Akademicka Reprezentacja Polski w hokeju na lodzie przegrała czwarty mecz na uniwersjadzie w Turynie i zajęła ostatnie miejsce w grupie B. Oznacza to, że w poniedziałek o godz. 16.30 podopieczni trenera Grzegorza Klicha zagrają o dziewiąte miejsce w turnieju.
Mecz z Japonią był spotkaniem ostatniej szansy, by wywalczyć awans do ćwierćfinału. Szansa była niewielka, bo mogło się okazać, że nawet wygrana z Azjatami nie dałaby biało-czerwonym awansu. Ostatecznie jednak nie było sensu analizować scenariuszy, bo polski zespół wyraźnie przegrał.

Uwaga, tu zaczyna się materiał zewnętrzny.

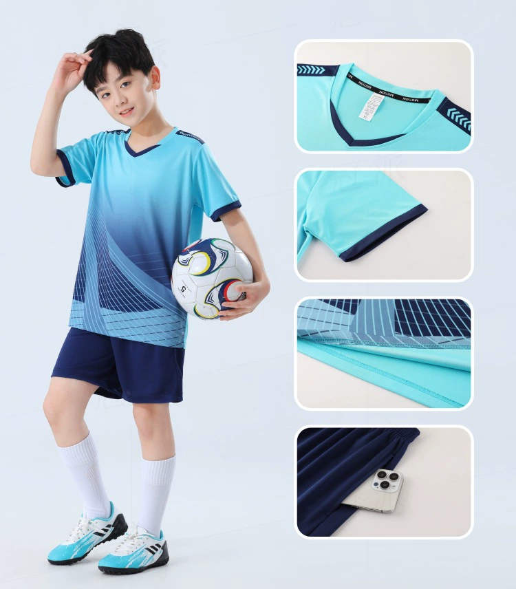 ชุดฟุตบอลเด็กแบบกำหนดเอง ชุดฝึกซ้อมคุณภาพสูง ระบายอากาศได้ดี ผลิตจากโพลีเอสเตอร์ 100% แห้งเร็ว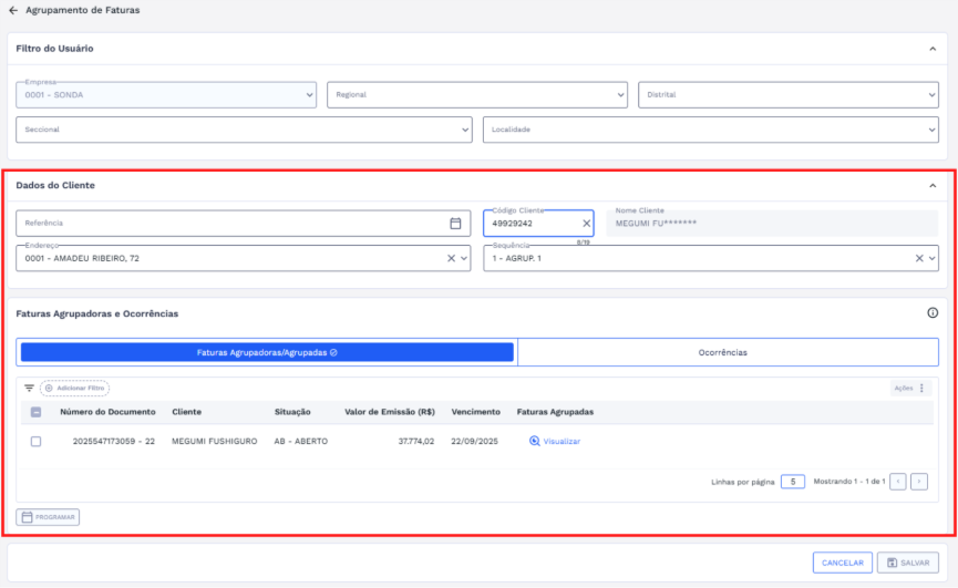Para mais informações sobre o Agrupamento de Faturas, acesse a documentação disponível na seção 10. DOCUMENTOS RELACIONADOS.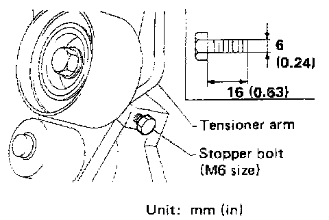 NOTE: When adjusting clearance, do not push tensioner arm with stopper bolt fitted because it will damage thread portion of stopper bolt.

Po raz kolejny polska drużyna bardzo dobrze zacząła mecz, ale z czasem traciła impet i nie był w stanie zapobiec utracie goli. W trzeciej minucie Michał Jaracz wykorzystał asystę Jakuba Wenkera i polski zespół wyszedł na prowadzenie. Cóż z tego, skoro pięć minut później był już remis, a jeszcze przed końcem pierwszej tercji Japończycy wyszli na prowadzenie. A gdy wrócili na lód rozstrzygnęli mecz, zdobywając w drugiej tercji cztery gole i nie tracąc ani jednego.

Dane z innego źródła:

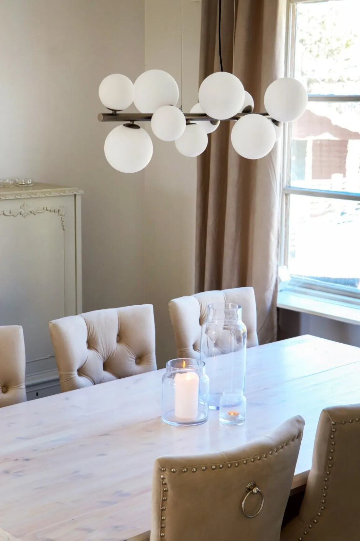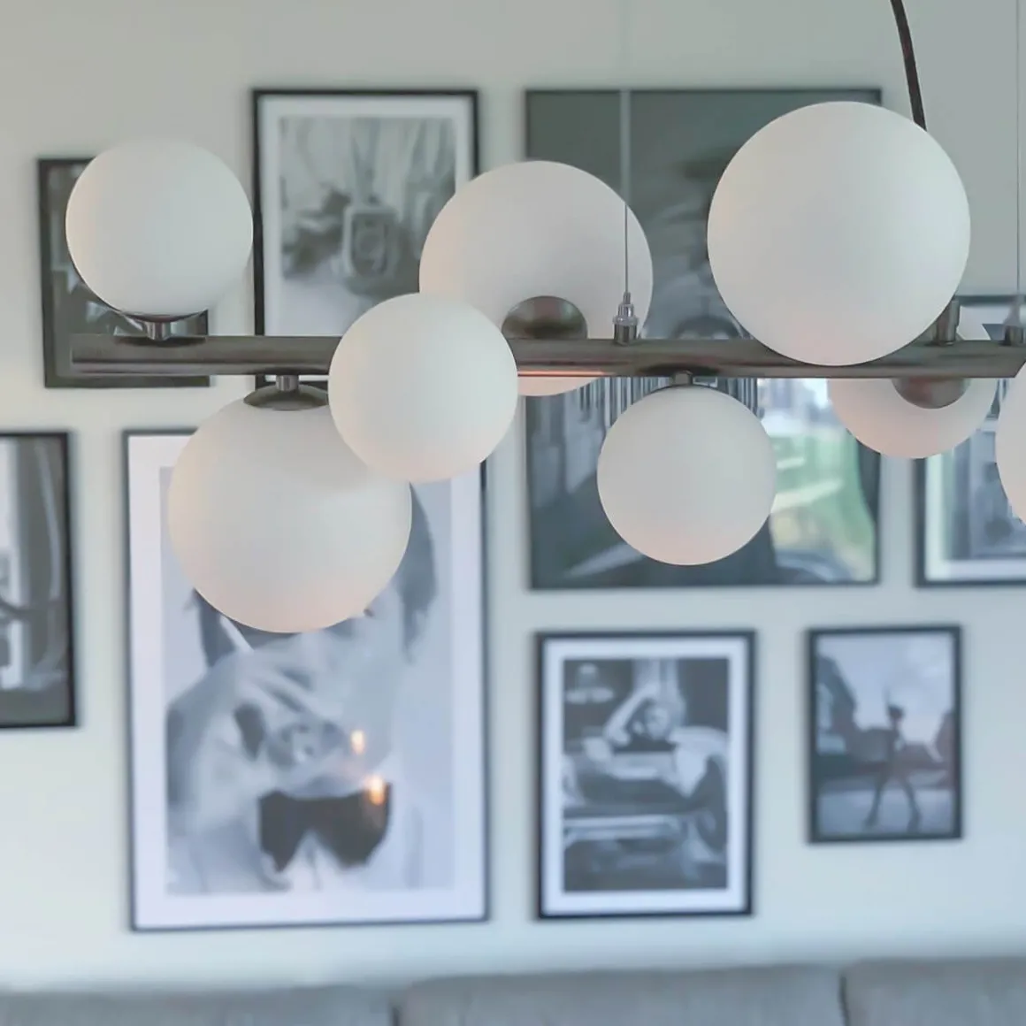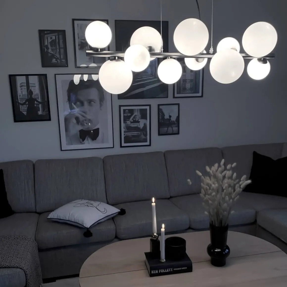 En av mina absoluta favoritlampserier från Aneta belysning är denna coolingen Molekyl här som Taklampa med hela 11 ljuskällor. Bara titta på den! stilren och enkel med en kul design och bara precis sådär rätt. Stomme i grått med opalvita kupor.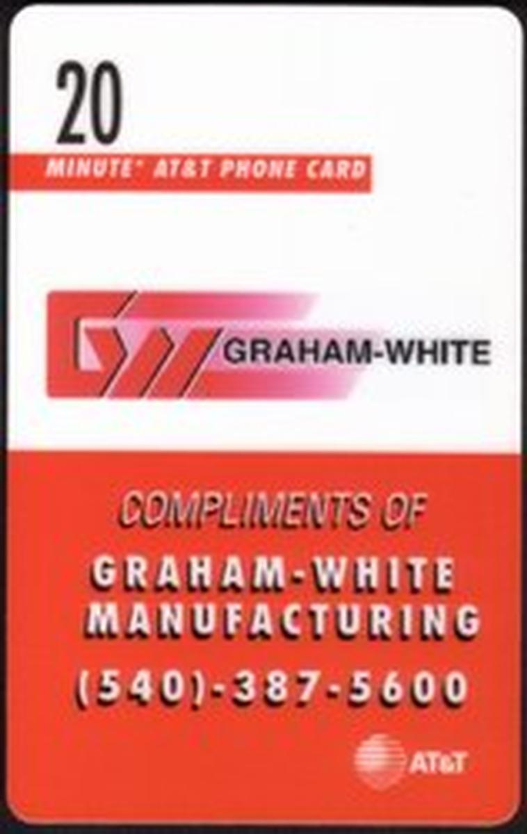 The phone card’s design is straightforward and corporate, focusing on clear brand visibility and the card’s value as a prepaid calling card. The promotional nature, combined with the specific 20-minute prepaid timing, targets users who need a reliable calling service. Graham-White Manufacturing’s name is featured, indicating the company responsible for producing the card.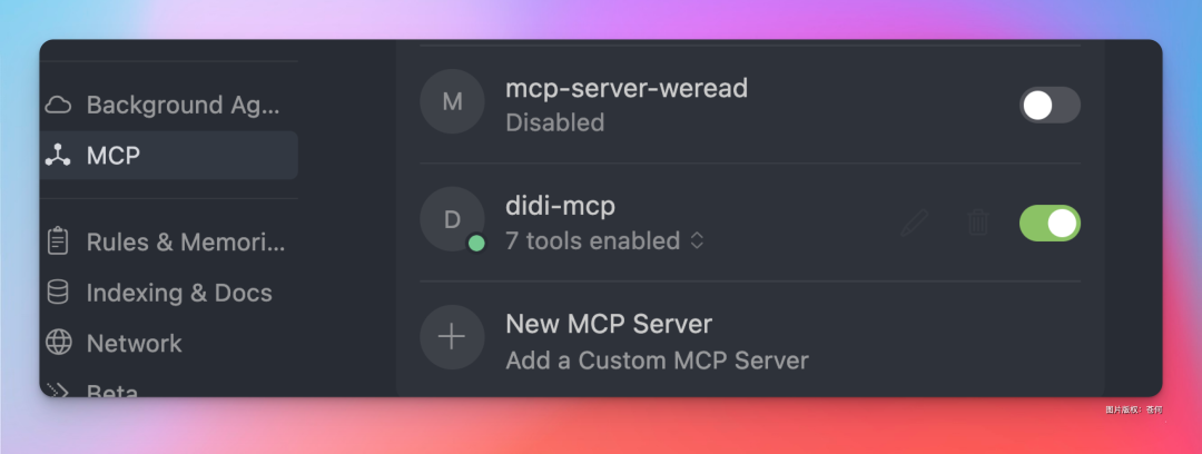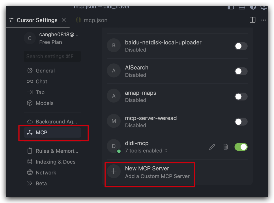 这里以 Cursor 为例,打开 Cursor,点击顶部菜单栏「设置」→「MCP,在 MCP Tools 中点击「New MCP Server」: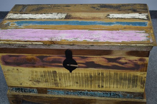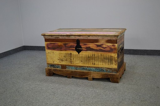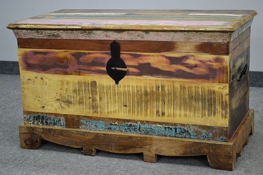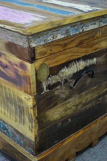 Efektowna skrzynia wyprodukowana w Indiach z drewna recyklingowego.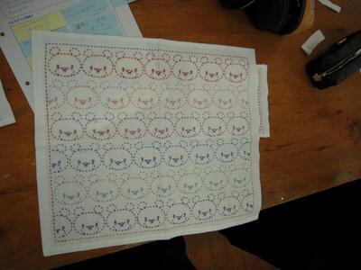 下地の絵柄は同じでも、糸の色の使い方で世界に一つしかない作品がで完成しています。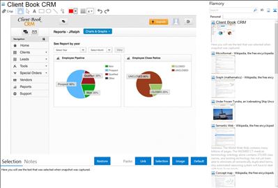 Flamory helps you capture and store screenshots from Client Book CRM by pressing a single hotkey. It will be saved to a history, so you can continue doing your tasks without interruptions. Later, you can edit the screenshot: crop, resize, add labels and highlights. After that, you can paste the screenshot into any other document or e-mail message.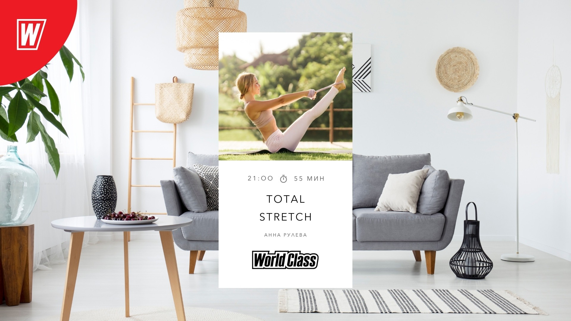 TOTAL STRETCH — основательная тренировка на растяжку: улучшает гибкость, снимает мышечное напряжение, стресс и дарит чувство глубокого расслабления. Анна Рулева - элит-тренер групповых программ World Class Red Side. Сертифицированный тренер Les Mills. Расписание онлайн-тренировок смотрите в нашем телеграм-канале https://t.me/worldclassfit Хотите заниматься в клубах World Class по особой цене? Следите за спецпредложениями на http://bit.ly/yt_special А если хочется тренироваться онлайн персонально под присмотром тренера, записывайтесь на тренировку: https://www.worldclass.ru/online-personal/ Наши страницы в социальных сетях: Telegram — https://t.me/worldclassfit Вконтакте — http://vk.com/worldclassclubs TikTok — http://tiktok.com/@worldclassclubs Яндекс Дзен — https://zen.yandex.ru/worldclassmag Слушайте наш подкаст о фитнесе, правильном питании и всём, что входит в здоровый образ жизни: Яндекс Музыка https://music.yandex.ru/album/12506344 Apple Podcasts https://podcasts.apple.com/ru/podcast/world-class-magazine/id1536484071 Castbox https://castbox.fm/channel/id3439173

Trzecia tercja była już tylko formalnością – w niej Japończycy zdobyli dwa kolejne gole i wygrali 8:1. Tym samym zapewnili sobie trzecie miejsce w grupie i obok Amerykanów, Słowaków i Ukraińców awansowali do ćwierćfinału.

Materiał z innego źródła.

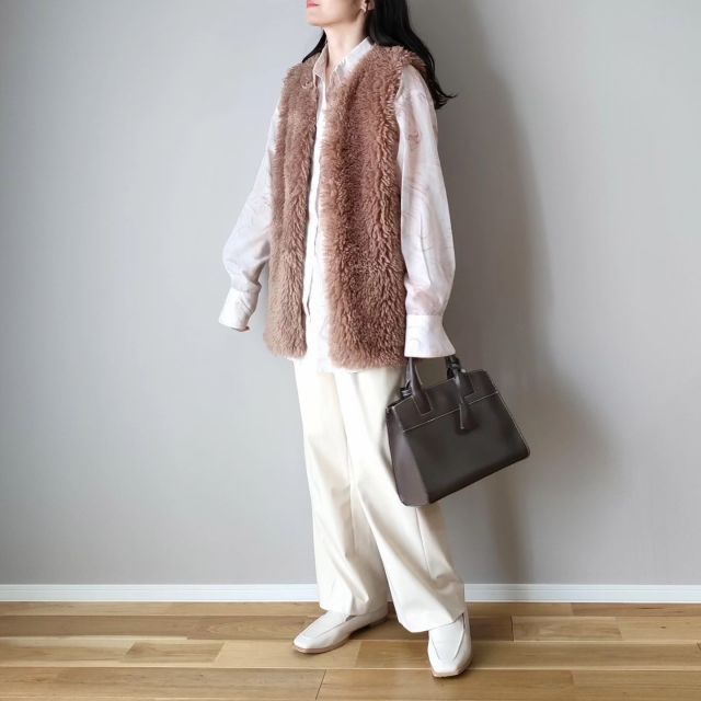 モカのファーベストに「クリーンなシャツブラウス×パンツ」を合わせれば一気にきれいめに。襟付きのシャツブラウスやカッチリしたパンツには都会的な佇まいがあり、ほっこりしがちなモカのファーベストをスッキリ着こなせます。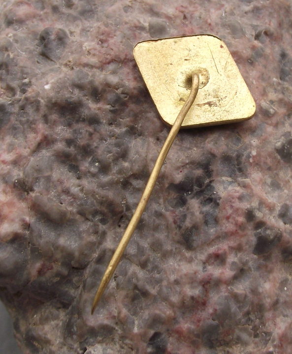 A pretty souvenir pin badge from the Slovak Railway Company. The badge face is 2.2cm wide, made from a gold coloured metal and has a stick pin fastener to the rear.
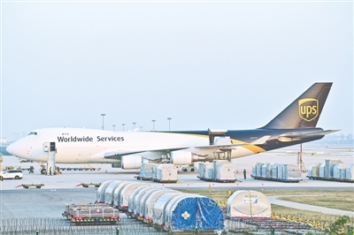 ??每天,鄭州機場國際快件中心熱鬧非凡,多條分揀設備開足馬力,服裝、飾品等跨境電商貨物正組板,數(shù)小時后將裝入飛機運往國外,快速送達當?shù)叵M者手中。來自境外的貨物航班每天都有10多架次,近千噸(國內(nèi))貨物從鄭州機場出發(fā)飛往世界各地。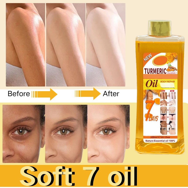 - Easy To Use: After cleansing the skin, apply an appropriate amount of soft 7 turmeric body oilSqueeze a little into your hands and rub it in before applying it to your face, and gently massage until absorbed.

Mecz o 9. miejsce w turnieju odbędzie się w poniedzlałek o godz. 16.30 na lodowisku w Pinerolo. Rywalem Polaków będą Szwedzi, którzy zajęli ostatnie miejsce w grupie A. Poniedziałkowi rywale biało-czerwonych awans do ćwierćfinału przegrali w rzutach karnych po zremisowanym 2:2 meczu z Koreą Południową.
Polska – Japonia 1:8 (1:2, 0:4, 0:2)
Bramka dla Polski: Michał Jaracz
Polska: Mateusz Kołodziej (34, Szymon Klimowski) – Eryk Schafer, Bartosz Schmidt, Karol Moś, Adam Laskowski, Stanisław Drozd-Niekurzak – Michał Jaracz, Patryk Napiórkowski, Łukasz Długopolski, Jakub Wenker, Kacper Malasiński – Marcin Szlomski, Natalian Dobrzeniecki, Michał Sadowski, Oliwier Ksiondz, Antoni Dziurdzia – Igor Ratajczak, Brian Gruca, Mateusz Malinowski, Dominik Kasprzyk. Trener: Grzegorz Klich.